= Blue Hills, Kansas City =

Neighborhood of Kansas City, Missouri, U.S.

Blue Hills is a neighborhood in Southeast Kansas City, Missouri bounded North by Swope Parkway, South by 63rd Street, East by Prospect Ave, and West by The Paseo. The ZIP code for this neighborhood is 64110 and 64130.

== History ==
Blue Hills was a working class white neighborhood until the 1960s when blockbusting caused many Caucasians to leave the neighborhood. Around the 1970s, the neighborhood was majority African American. The public schools that serve Blue Hills are Troost Elementary School, J. J. Pershing Elementary, Frances Willard Elementary, Southeast and Paseo High Schools.

=== The 1900s ===
Most of the homes in Blue Hills were built in the 1910s and 1920s.

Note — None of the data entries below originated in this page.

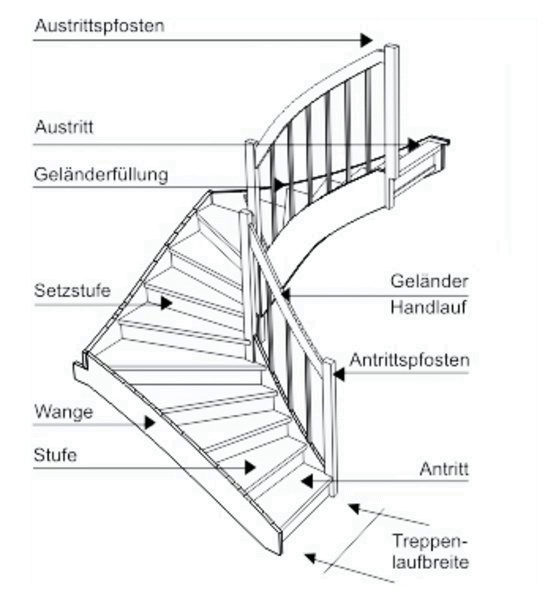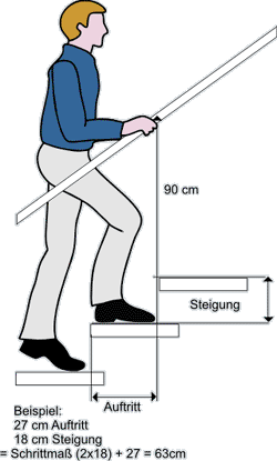 -Treppenlauf ist die ununterbrochene Folge von mindestens drei Treppenstufen (drei Steigungen) zwischen zwei Ebenen. -Lauflinie ist die gedachte Linie, die den üblichen Weg der Benutzer einer Treppe angibt. -Treppenpodest ist der Treppenabsatz am Anfang oder Ende eines Treppenlaufes, meist Teil der Geschossdecke. -Zwischenpodest (Ruhepodest) ist der Treppenabsatz zwischen zwei Treppenläufen, angeordnet zwischen den Geschossdecken. -Steigung ist das lotrechte Maß von der Trittfläche einer Stufe zur Trittfläche der folgenden Stufe. -Auftritt ist das waagerechte Maß von der Vorderkante einer Treppenstufe bis zur Vorderkante der folgenden Treppenstufe in der Laufrichtung gemessen. -Steigungsverhältnis ist das Verhältnis von Steigung zu Auftritt; dieser Quotient ist ein Maß für die Neigung einer Treppe |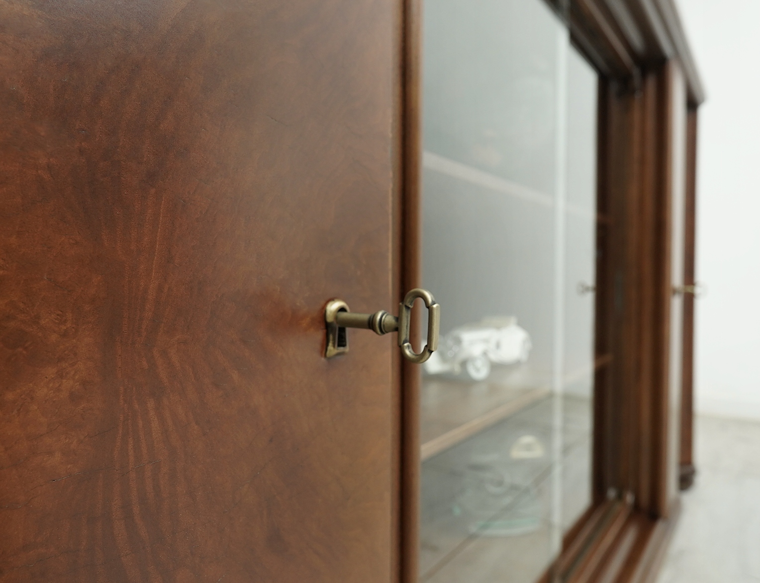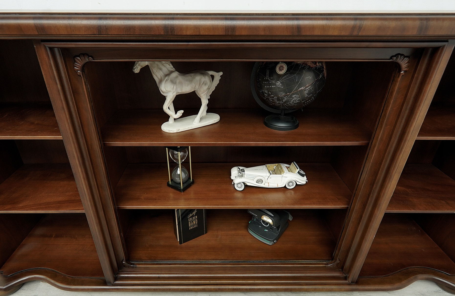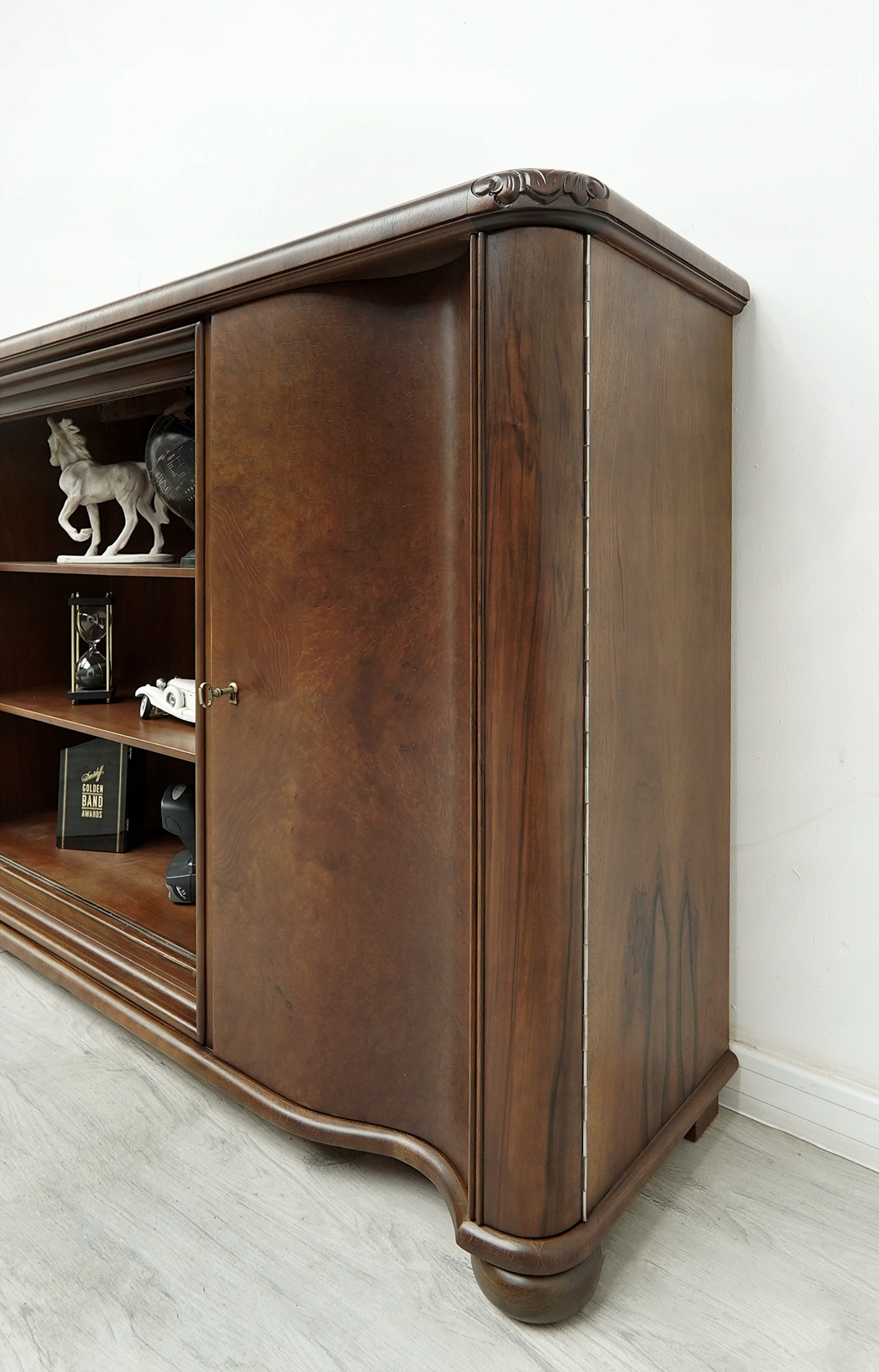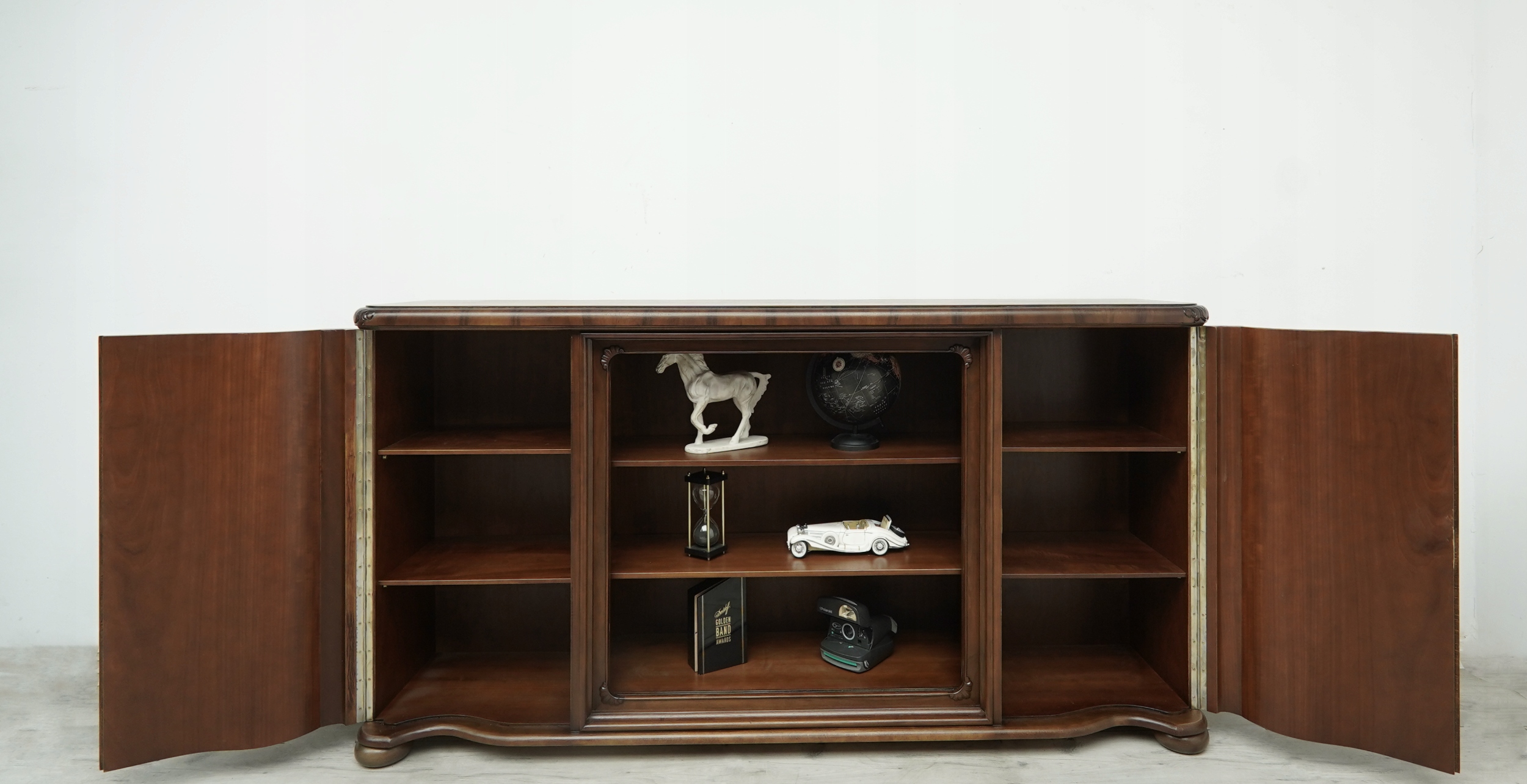 Biblioteka wykonana jest z połączenia drewna orzechowego i dębowego (na blacie). Przeszklone wnętrze sprawia, że mebel prezentuje się bardzo elegancko i stylowo. Wyjmowane szyby dają możliwość ekspozycji przedmiotów w zamkniętej, przeszklonej lub otwartej, ogólnodostępnej przestrzeni a zamykane na klucz szafki z półkami pozwalają na przechowywanie tego, co do ekspozycji niewskazane. Jest to niezwykle funkcjonalny i pakowny mebel o ponadczasowym charakterze, który urządzi każde, nawet najbardziej wymagające wnętrze.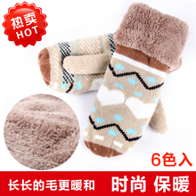 韩版女士手套保暖 全指手套冬加厚女 棉手套女冬可爱加厚挂脖加绒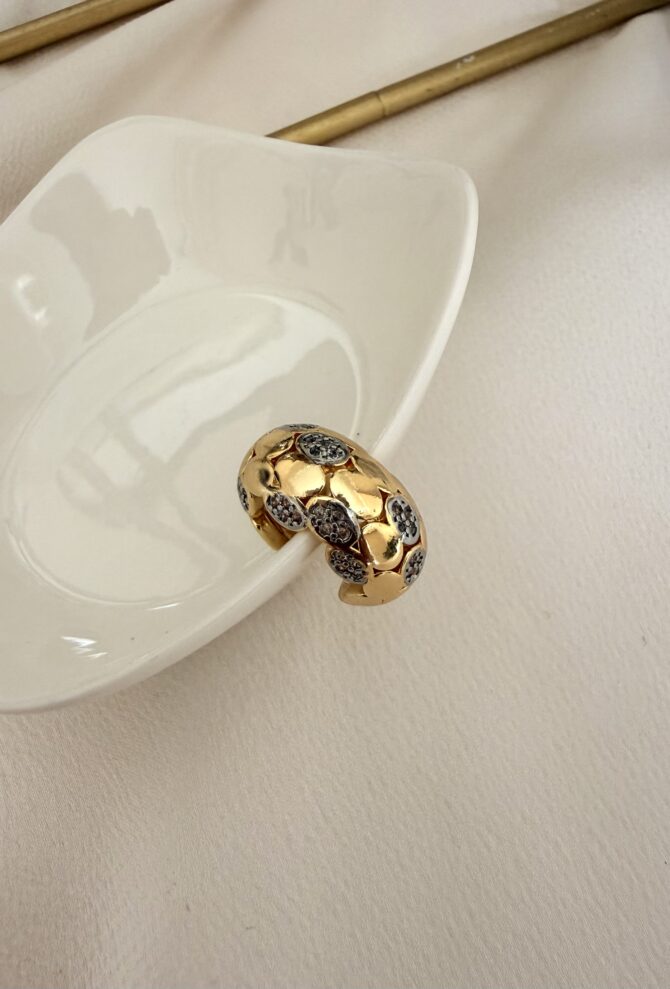 Luxury Taşlı Gold Halka Kıkırdak Küpe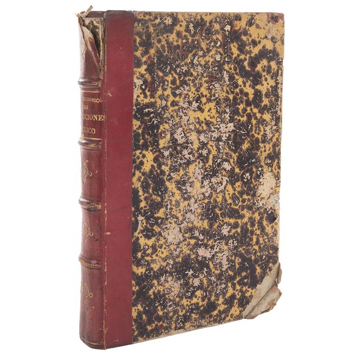 Subasta 1081, Lote # 332 Zavala, Lorenzo de. Ensayo Histórico de las Revoluciones de Mégico, desde 1808 hasta 1830. París: Imprenta de P. Dupont et G. Laguionie, 1831. 8o. marquilla, 443 p. Tomo I. Texto y pastas con manchas de humedad. Pastas y lomo gastados, con faltantes. Encuadernado en pasta dura, lomo en piel. Palau: 378346. Primera edición, rarísima. El autor fue testigo presencial de los hechos. Sabin 106277. Streeter 1128. El "Ensayo Histórico" es sin duda, una de las crónicas más importantes y mejor logradas sobre la guerra de la revolución de la Nueva España. Escrita a partir de las experiencias del propio Zavala, y de un minucioso estudio de documentos de la época, el autor indaga en las causas que favorecieron e instigaron el deseo de independencia de los pueblos americanos; analiza los primeros movimientos revolucionarios, sus principios y su ruina; sigue los pasos del cura Hidalgo y de los principales cabecillas insurgentes hasta la consumación de la independencia. Finalmente, desarrolla las incesantes disputas por el poder, y las sucesivas sublevaciones que atentan contra el orden y la cohesión de la naciente nación mexicana. Estimado $3,000-4,000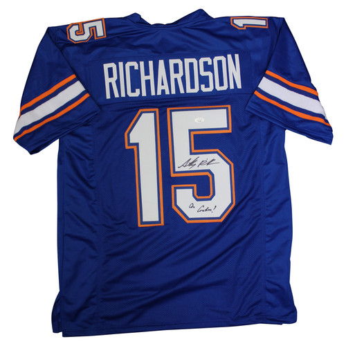 This Anthony Richardson Autographed Florida Gators Custom Blue #15 Jersey with "Go Gators" Inscription - JSA Authentic is an Excellent Piece of Sports Memorabilia for any Anthony Richardson Fan or Collector in Your Life! Shop with Confidence knowing your Anthony Richardson Autograph is Authenticated by JSA and the Certificate of Authenticity is Included with Your Purchase! Items Ship Quickly and Securely!

From its early years until the 1960s nearly all of the residents of Blue Hills were white and most were working class, making it a working white neighborhood In the early 1960s, the racial composition of the neighborhood changed due to blockbusting, and in the 1970s more than 95% of Blue Hills residents were African-American.

=== The 2000s ===
During the 2008 financial crisis, Blue Hills was one of many American neighborhoods that suffered greatly from the housing crisis. Houses were boarded up, and African-Americans moved out. In 2021, it has mostly recovered, albeit with a few boarded houses left, due to young people moving in and fixing the old, boarded homes.